No announcement yet.
  • Filter
  • Time
  • Show
Clear All
new posts

  • to convert data into unique observation

    i had question but issue sorted out i don't know how to delete the post

    Last edited by Kiran Abro; 14 Jan 2019, 12:11.

  • #2
    It appears that your data are distinctly identified by gvkey and qdate (I think, your screenshot is nearly unreadable, advice about that follows below) and the three observations differ only in the value of public_date. If that is the case, the following code should retain just the first of the observations for each combination of gvkey and qdate.
    bysort gvkey qdate (public_date): keep if _n==1
    Note that this code is not tested since no example data was given. It may be wrong. In particular, it does nothing to confirm the assertion that public_date is the only variable that differs; if others differ you will only be getting the value from the one observation kept.

    An alternative approach would be to use the duplicates command as described in the output of help duplicates.

    Please review the Statalist FAQ linked to from the top of the page, as well as from the Advice on Posting link on the page you used to create your post.
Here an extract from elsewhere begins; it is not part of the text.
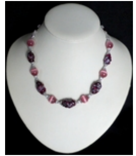
AC 029d Colliers simples Perles de Murano anciennes et oeil de chat

Note especially sections 9-12 on how to best pose your question.

    Note that screenshots are not too helpful, because (unlike samples of the data) it leaves the person who wants to help you the uninviting task of retyping the data to create a workable example. Instead, use the dataex command to present example data. If you are running version 15.1 or a fully updated version 14.2, dataex is already part of your official Stata installation. If not, run ssc install dataex to get it. Either way, run help dataex and read the simple instructions for using it. It includes complete information about aspects of the data that are often critical to answering your question but cannot be seen from tabular displays or screenshots. It also makes it possible for those who want to help you to create a faithful representation of your example to try out their code, which in turn makes it more likely that their answer will actually work in your data.

    When asking for help with code, always show example data. When showing example data, always use dataex.

    The more you help others understand your problem, the more likely others are to be able to help you solve your problem.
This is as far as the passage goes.